A: One of the things I’ve been focused on, and it’s partly because of my practice, is the information economy in Bend. I got here in 2002. It’s changed. We have a much more diversified economy. Basically, from our perspective, innovation is key for Central Oregon’s future.

Q: You’ve built specialty practices around intellectual property, securities law and natural resources. Where do you see the firm in five years?

A: I would expect more specialization. We would continue working with local businesses but also involving ourselves in our regional business, outside of Central Oregon. We work in other areas of the state, Northern California, Washington. There’s lots of entrepreneurs around the state that are outside the Portland metro area. So we’ve been intentionally targeting folks who work in other areas of the state. Bend is just centrally situated in the state. We’re just ideally situated to deal with more sophisticated issues. And it does matter where you’re located.

Q: Your specialize in business transactions. What kind of work are you doing lately?

A: We’ve seen significant numbers of local companies being purchased. Most of these (acquisitions) fly under the radar. I don’t have permission from clients to get into details.

Q: What do these businesses have in common?

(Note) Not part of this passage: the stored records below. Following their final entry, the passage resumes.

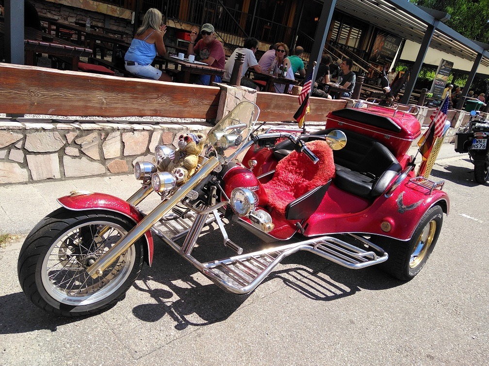 Die Elke hat ihre Maschine ebenfalls vor dem Lokal platziert und hat sich ein Bier gegönnt. Alkoholfrei ?, konnte nicht ermittelt werden.
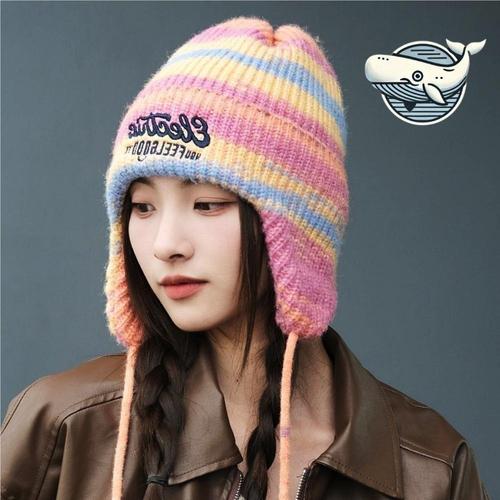 레이보우 귀달이 니트비니 겨울 모자 4컬러 WFFPQXZ
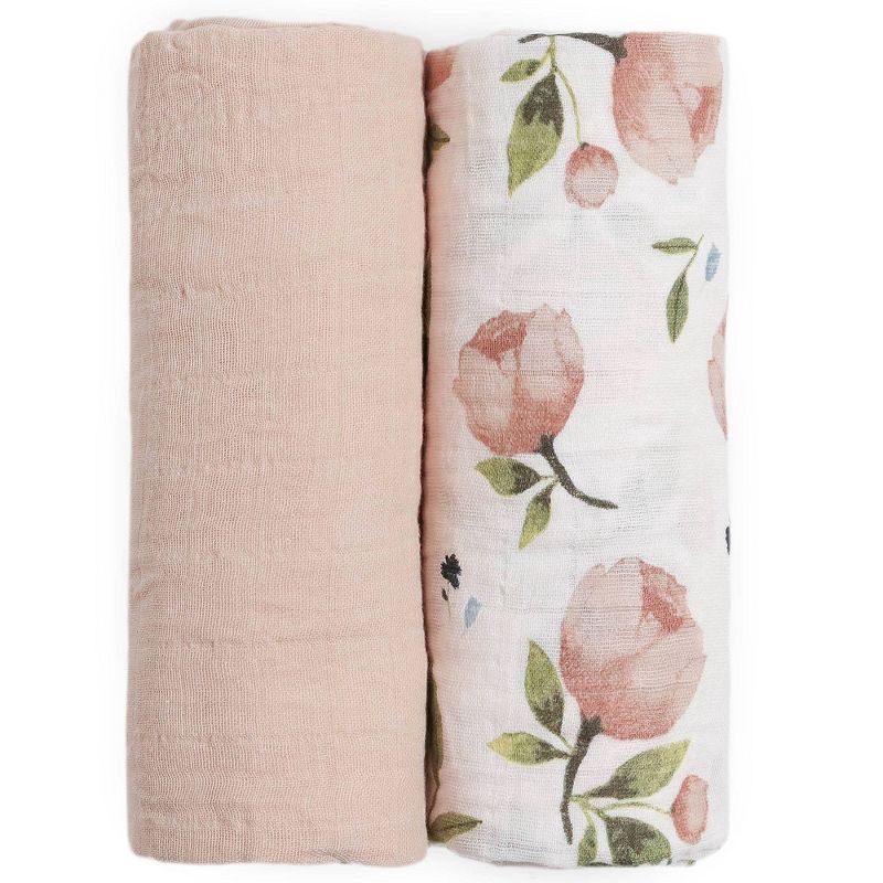 Little Unicorn Organic Swaddle Gift Set - Watercolor Floret - 2pk: Cotton, Woven, Abstract Pattern, 47x47
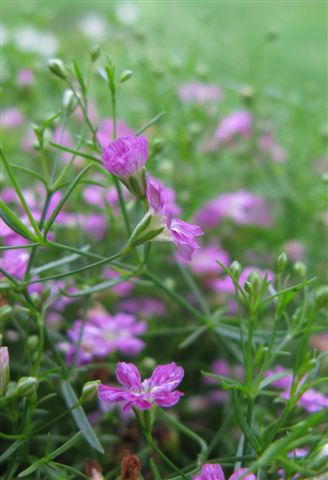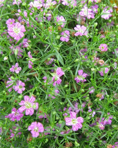 Die folgenden Bilder zeigen eine Zierpflanze, die bei EDEKA als "Myrte" deklariert war. Mir scheint es eher ein Nelkengewächs zu sein. Blüten-Durchmesser ca 10 mm; 5, im oberen Teil getrennte Kelchblätter; 10 Blüten- und 10 Staubblätter; 2-fädrige Narbe Fruchtknoten; Stengel gabelästig verzweigt; Gegenständige Blätter max. 1 mm breit und bis 20 mm lang.
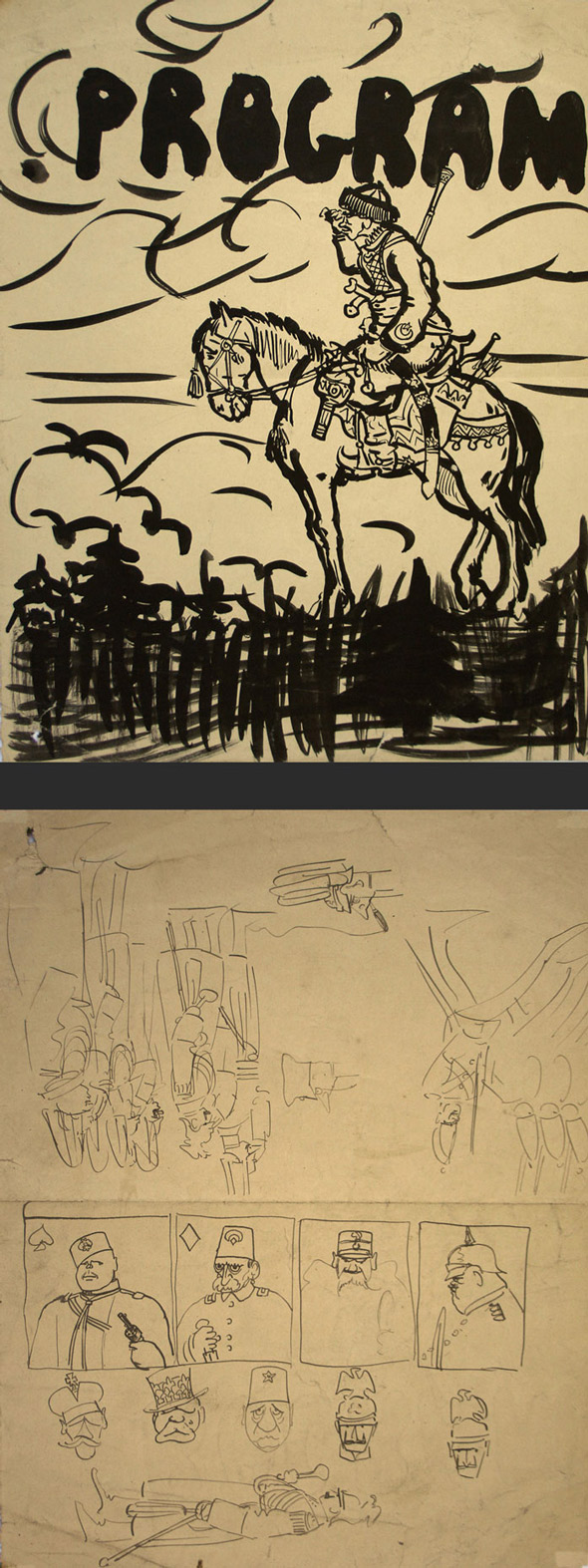 In the bottom scene, Szyk experiments with designs for playing cards. He sketches out four potential cards along the top, all showcasing grizzly looking soldiers with grim countenances. Along the bottom he sketches out five more heads wearing distinctive hats and helmets, all of which appear to be military leaders of some sort.
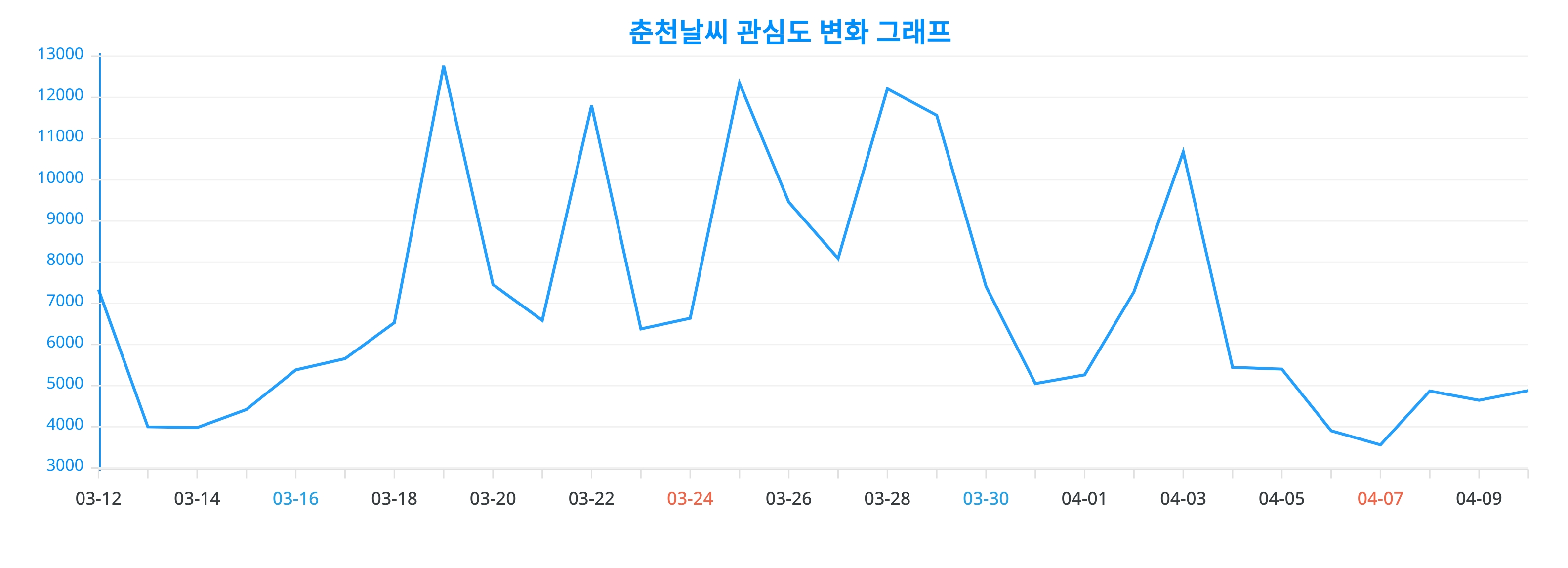 이번 분석을 통해 얻어진 춘천날씨에 대한 일간 변화 추이 차트는, 춘천날씨에 대한 관심이 어떻게 변화했는지를 생생하게 드러낸다.
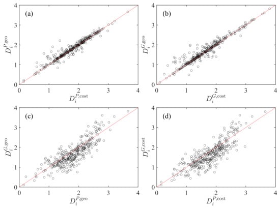 Comparison of the two transportation diversity measures and calculated using population P and gross domestic product G for the raw radiation model and the cost-based radiation model. (a) , and . (b) , and . (c) , , and . (d) , , and . The solid lines are the diagonal lines.
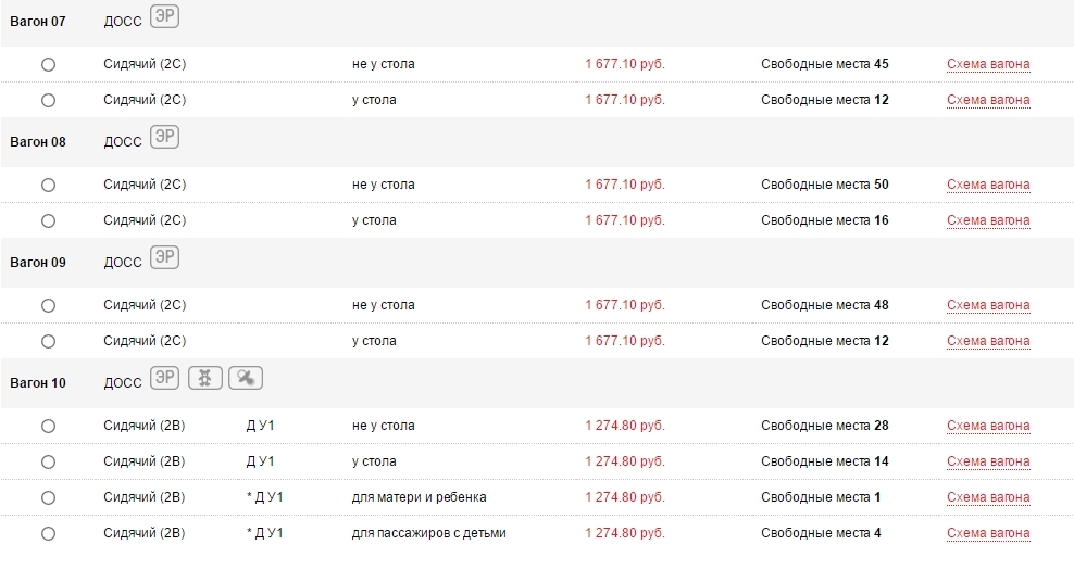 Еще с "Сапсанами" есть такой интересный момент. Обратите внимание, у поезда 745 цена уже 1274 рубля (это в 9:42, почти через два часа после начала продаж). Так вот, если выбрать это поезд, то можно увидеть, что за эти деньги продаётся билет в 10 вагон - это эконом с питанием. А обычный эконом без питания стоит уже 1677 рублей.
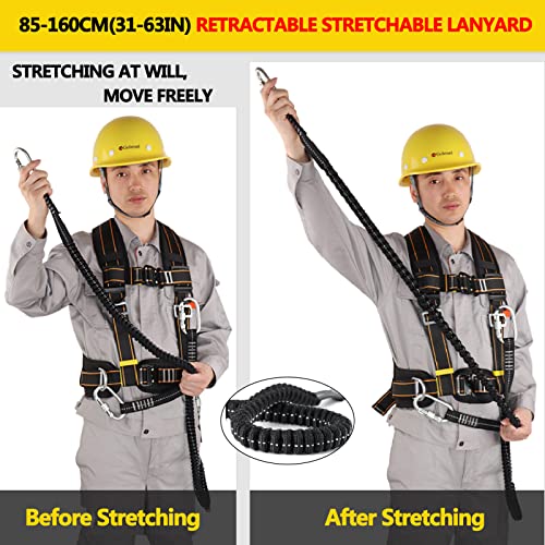 HGTRH Imbracatura Anticaduta Professionale, Imbracatura di Sicurezza per Ponteggio, Imbracatura Anticaduta per Tetto Certificata con Cordino Elastico Cintura di Sicurezza per Lavoro in Quota Alberi
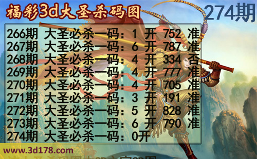 第274期3d大圣杀码图详情如下:
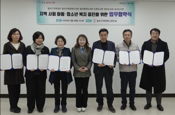 달서구가족센터와 달서구립 5개 도서관(달서가족문화도서관, 달서영어도서관, 도원도서관, 본리도서관, 성서도서관)이 지난 26일 달서구 지역 사회 아동?청소년 복지 증진을 위해 업무협약식을 진행했다.
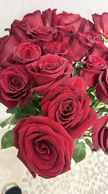 Букет из красных роз - Классический букет крупных бархатистых красных роз с насыщенным цветом. - Количество в букете: около 25–31 шт. (на фото — плотная круглая шапка из роз). - Длина стебля: высо...

A: It’s a scalable, traded-sector business that’s growing, and therefore has become an acquisition target.

Q: Do you ever find it difficult to understand a client’s business or product?

A: We focus on understanding the law and helping translate that to our clients. One of the most important things for an attorney is to be a good listener. There are clients that do have complex products and businesses. It really is important to listen and understand and ask questions to help make sure you understand your client’s business. And it’s critical to understand, what do they want? What is their goal? If you don’t assess that, there’s a risk of having a misalignment of what the adviser thinks they should do and what they want.

Everything else tees off of it.

Q: Karnopp Petersen sponsors the Economic Development for Central Oregon Pubtalks, where you talk about changes in securities law. What’s been the most fundamental change in raising capital?

A: My take is the public markets, IPOs (initial public offerings), things like that, just aren’t working very well. So there’s a lot of pressure on business to open up the private markets, which would be private placement transaction. It’s private between issuers and interested investors.

Q: Among all the changes to federal rules and Oregon law meant to loosen restrictions on raising private capital, which ones do companies take advantage of most often?

A: I’m seeing more and more 506(c) activity. It’s a private exemption that allows advertising and general solicitation. The traditional exemption, the 506(b) exemption... we see 10 of those for every 506(c) rule.

There are still some restrictions. As an example, a 506(c) offering, there are strict rules on determining whether an investor is accredited or not. It’s perceived as safer and more well-developed to just stick with traditional securities processes and fundraising.